I do keep a vague eye on subscriptions/credit cards/etc. that I'm really not getting value out of over the course of months.

But, yes, if you're either poor or optimizing points on an airline or whatever is sort of a hobby, then sure. But otherwise, it's just not very interesting to many of us and involves mental overhead we can just live without.


A big part of the reason I keep my Paramount+ subscription month-to-month despite mostly just watching Star Trek on it is that they sold me a pretty good annual plan discount.

Annual plans are a big factor in the stickiness of Amazon's efforts. Especially with Amazon's dark patterns around trying to make people forget they pay it (and making it hard to cancel).
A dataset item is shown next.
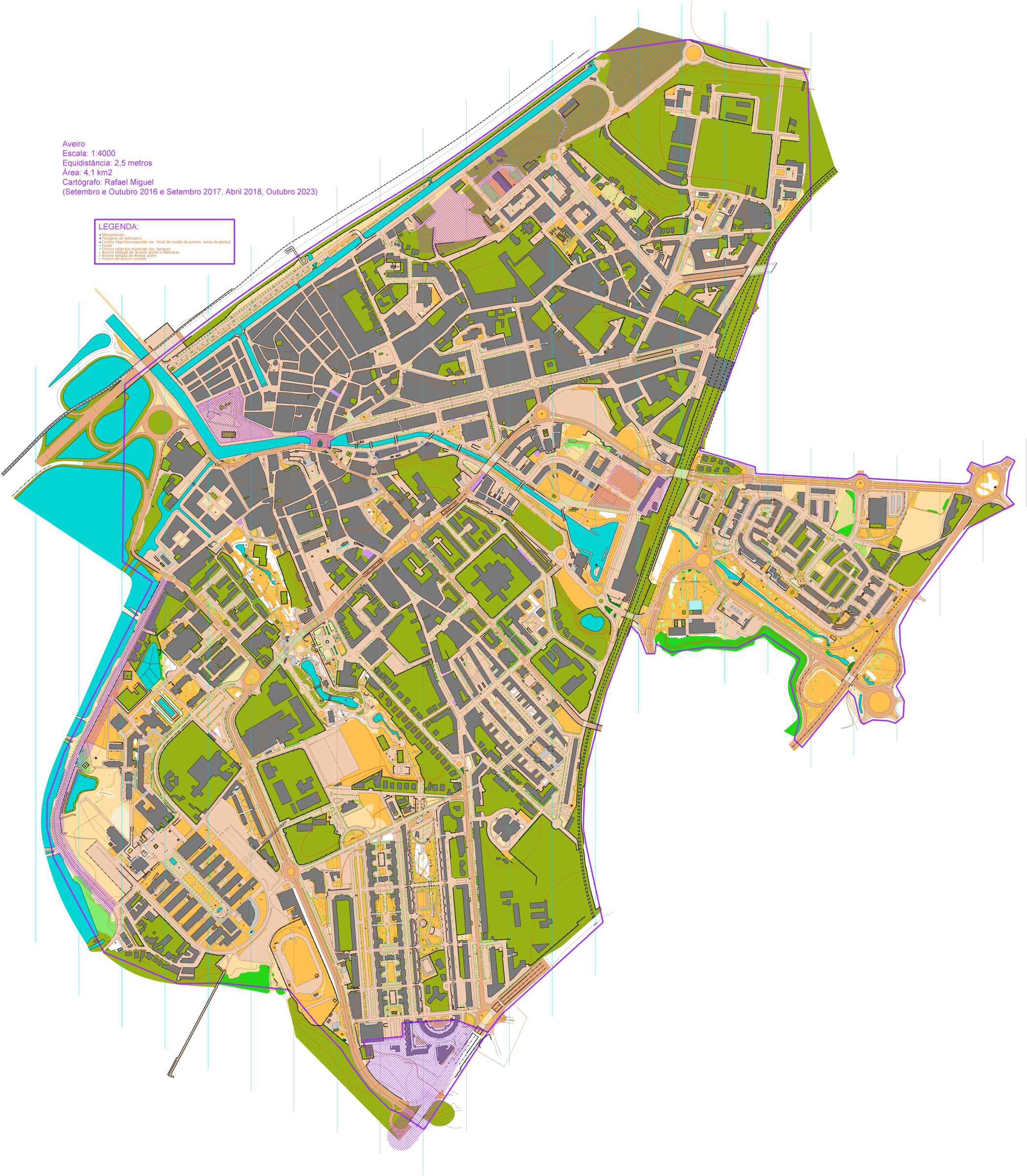 Mapa Urbano da Cidade de Aveiro, inicialmente cartografado em Setembro de 2016, tendo sido ampliado e actualizado ao longo dos anos. Este mapa utiliza a simbologia ISSprOM 2019-2 da International Orienteering Federation.

It is curious there aren't more explorations in increasing stickiness. Though admittedly cable's biggest trick (long term contracts) is maybe thankfully out of reach for most of the streamers.


Bundles, where they exist, are a big stickiness factor. Especially during COVID, getting stuff delivered to my door before I'd have gotten around to the hassle of going to the store, was a big factor in making Prime more useful to me than it already was.

Apple is less pronounced but I'm very much in the Apple ecosystem so TV+ isn't really a big adder.

>Though admittedly cable's biggest trick (long term contracts) is maybe thankfully out of reach for most of the streamers.

Yeah. You make too much of an on/off ramp for just a streaming service and that's a hard pass for me.


As you say, most users probably don't bother stopping/starting subscriptions. Besides, if they make it harder to cancel some users might not subscribe in the first place in fear of being locked in.

They're probably making more with users saying "I'll subscribe now but cancel when I'm done watching this show" then don't bother cancelling.


Services have costs. They don't lose money. No one says the US military "loses hundreds of billions of dollars a year" or expects them to cover it back.

??? did you actively not read my comment before posting this?